In this paper, we built a system EA-DLC (Environment Adaptive Deep Learning based Classification) to improve the accuracy of classification. Our contribution can be summarized as the following. 1) Our system efficiently utilizes the distribution of labels to increase the accuracy with lower cost. The validation set of each environment is labeled by predicted results, which cost is lower than the manual labeling. 2) Our system increases the adaptability of deep learning models in a new environment. Our system only needs to update the distribution of labels in corresponding environment, which is easier than the re-training or transferring of models. We performed our system and existing methods on the samples of CIFAR-10 [12–14], CIFAR-100 [15–17] and Mini-ImageNet [18–20]. All of these evaluations proved the effectiveness of our system.
We organize the paper by the following parts. Section 1 introduces the background and our contributions. Section 2 introduces the existing methods and their problems. In Section 3, we present our system and related analyses. The experiment is organized in Section 4. Section 5 gives the conclusion and future work.
There are many kinds of deep learning models and we selected some of them as the presentative based on the computational resource and the easiness of implementation. VoVNet-57 (Variety of View Network) is designed for object classification task, which consists of blocks including 3 convolution layers and 4 stages modules and outputs stride 32 [21]. The sample is passed through convolutional layers, where here the filters consists of a small receptive field. ResNeSt (Residual networks) is a state-of-art deep learning model for image classification that uses a modular structure with split-attention block and applies attention mechanism to feature-map groups [22]. From ResNeSt50 to ResNeSt269, the structure becomes bigger and more complicated, so that these can get higher accuracy especially when there are more and bigger size training samples. Based on the size of testing samples and computational resource, we use ResNeSt101 in this paper. RepVGG (Re-parameterization Visual Geometry Group) is a classification model, which is improved on the basis of the existing models [23]. DenseNet (Densely Connected Convolutional Network) is a convolutional neural network with dense connections [24]. In this network, there is a direct connection between any two layers, which means the input of each layer connects to all the previous layers. VGG16 is a variant of VGG (Visual Geometry Group) models for image classification [25]. ResNet (Residual Neural Network) allows the original input information to be detoured directly to the output, which simplifies the process and reduces the difficulty of training [26].
These models have been widely used in many applications. Generally, to increase the accuracy of these models, the number of training samples should become bigger while it is a challenge in many applications. Furthermore, the structure of these models becomes bigger that requires some special tuning techniques.
Some fusion operators have applied to improve the performance of classification, which applies multiple models [27]. In that paper, weighted voting method achieved the highest accuracy among all of the other ones. Weighted voting also utilized to construct a more reliable classification system [28]. A sliding window is applied to the weighted majority voting algorithm in that paper. This method applied to a DNN (deep neural network), a CNN (convolutional neural network), and a LSTM (long short-term memory) network to improve the performance [29]. These operators can combine the results of models to improve the accuracy. As the weights play important role to the combination, there should be a validation set to compute these weights. Furthermore, more various models can benefit the improvement of the accuracy. In this paper, we also apply these fusion operators to our system for higher accuracy with some optimizations.

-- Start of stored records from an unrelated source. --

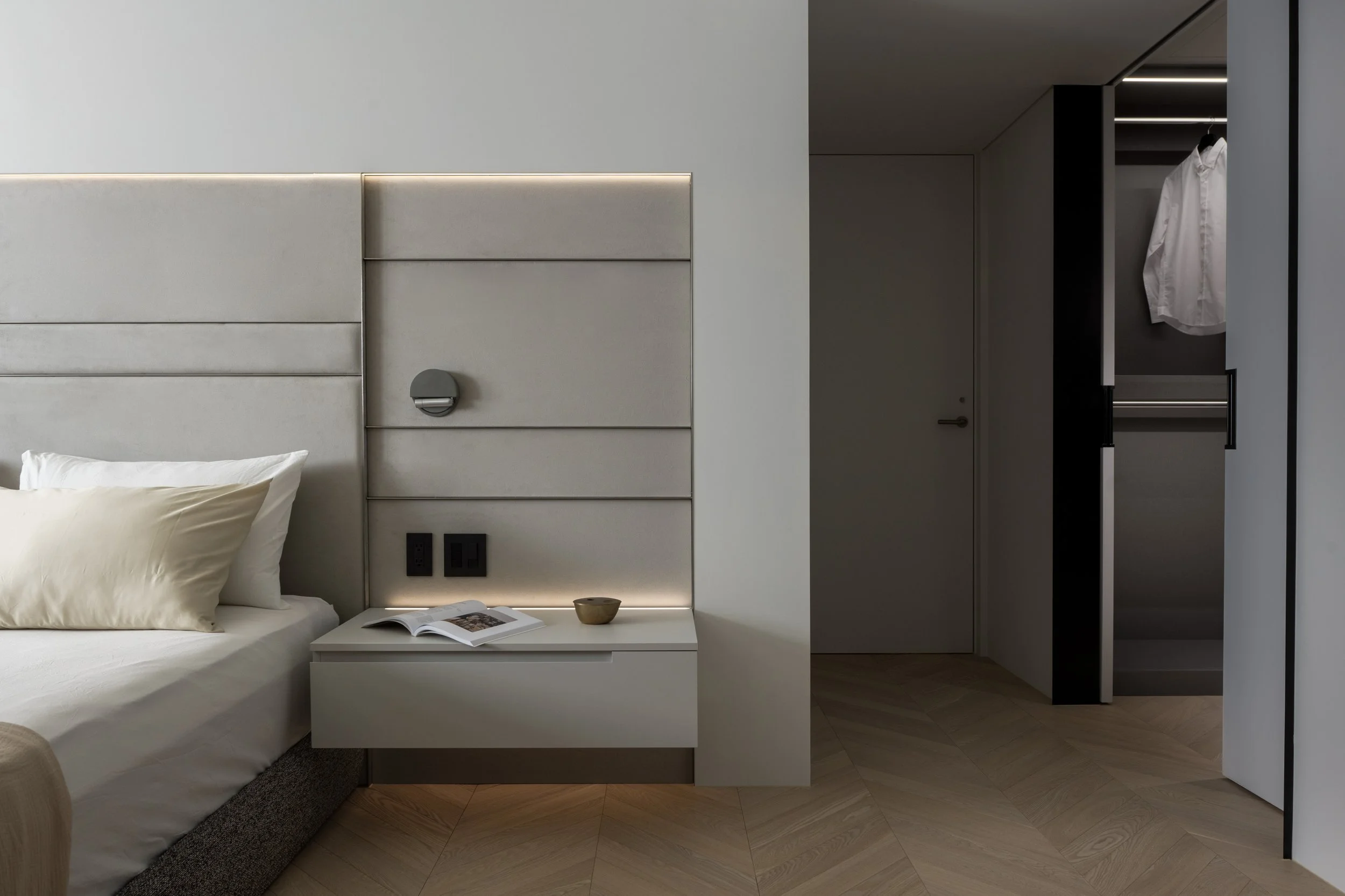 室內地坪使用人字拼的實木地板,醞釀空間中靜謐而緩慢的氛圍,透過光線的分隔創造出不同的區域空間。天花設計了許多隱藏光源暈染出舒適的空間氛圍,確保生活不同時刻的清晰度和邏輯性。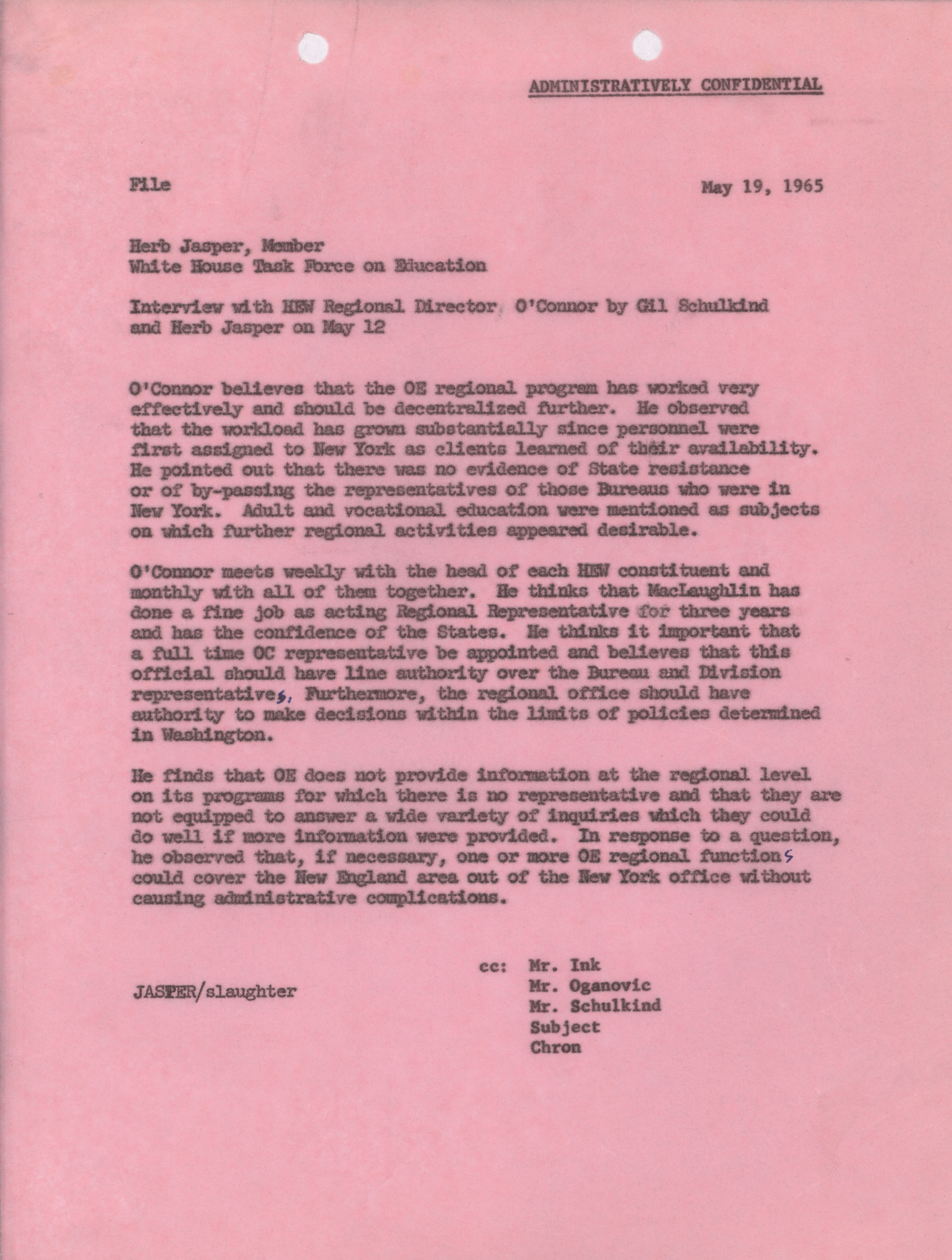 - Herb Jasper and Gil Schulkind interview with Regional Director O'Connor, May 19, 1965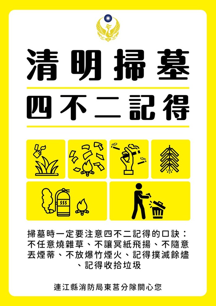 東莒消防分隊:清明防火宣導 --閱讀人次 : 510 清明防火牢記「4不2記得」口訣: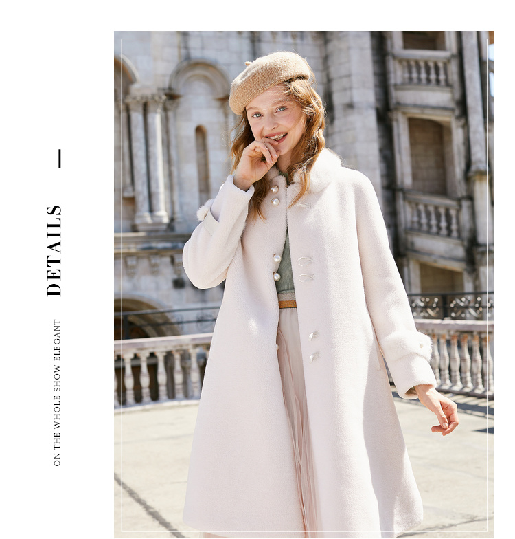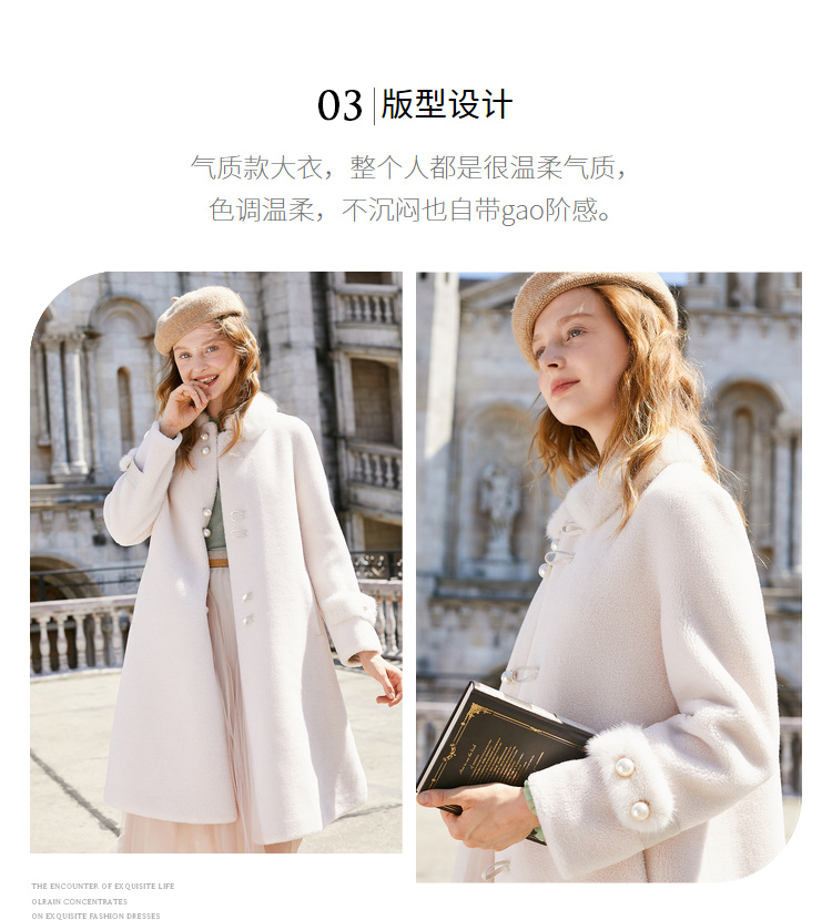 欧芮儿貉子毛领毛呢外套女中长款呢子大衣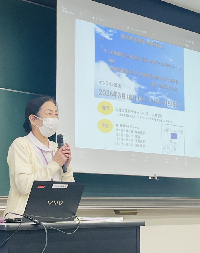 2026年3月18日(水)、天理大学別所キャンパスにおいて「2025年度 臨地実習調整会主催研修会」を開催いたしました。本研修会では、川崎医療福祉大学 医療福祉学部 臨床心理学科 教授 谷原弘之先生に講師をお願いし、「今どき看護学生の成長を支援する教育・指導のヒント」をテーマにご講演いただきました。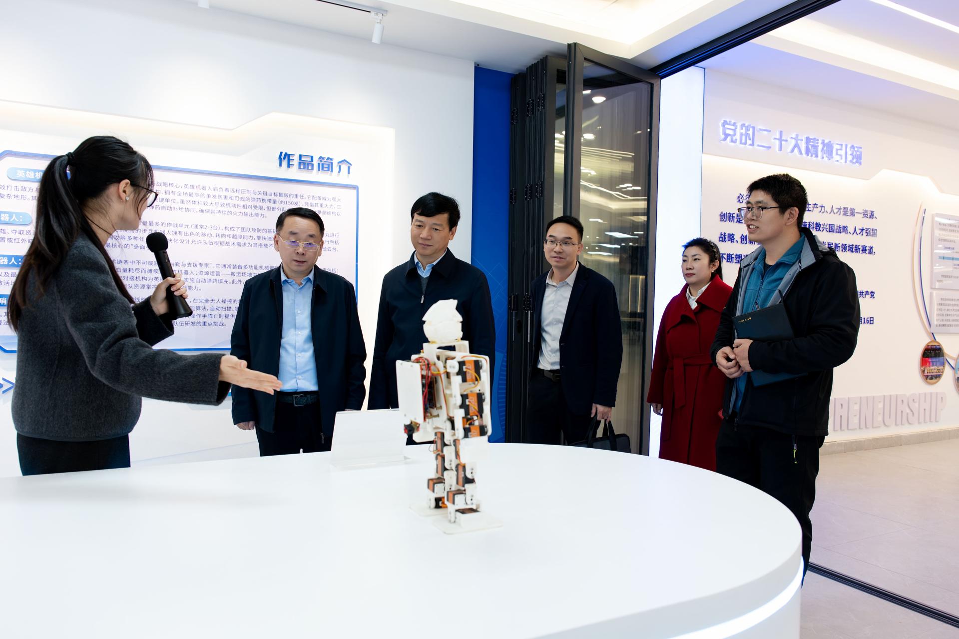 来访嘉宾实地参观了学校的创新实践中心与科技馆。参观过程中,嘉宾们详细了解了中心各功能区域的布局、学生创新创业项目的孵化流程、以及各类科技创新作品的研发与应用情况。学校在硬件设施投入、实践平台搭建以及激发学生主动创新方面所展现的成效,给来宾留下了深刻印象。

Fig. 2 introduces our system, which is named as EA-DLC (Environment Adaptive Deep Learning based Classification). Firstly, our system trains deep learning models on the training set. Then we run the trained models on a testing sample to get the corresponding outputs that are called as the probabilities of labels. Secondly, we build a validation set that includes some samples of all labels. These samples are labelled by the ground truths, which is called as one-shot guidance. Then we compute the accuracy of each model on these samples. Thirdly, in a new environment, our system builds the validation set and labels this by using the outputs of models, which is called as none guidance (does not need the ground truths). Finally, we apply selective cooperation between the distribution and the probability of labels to get the final result.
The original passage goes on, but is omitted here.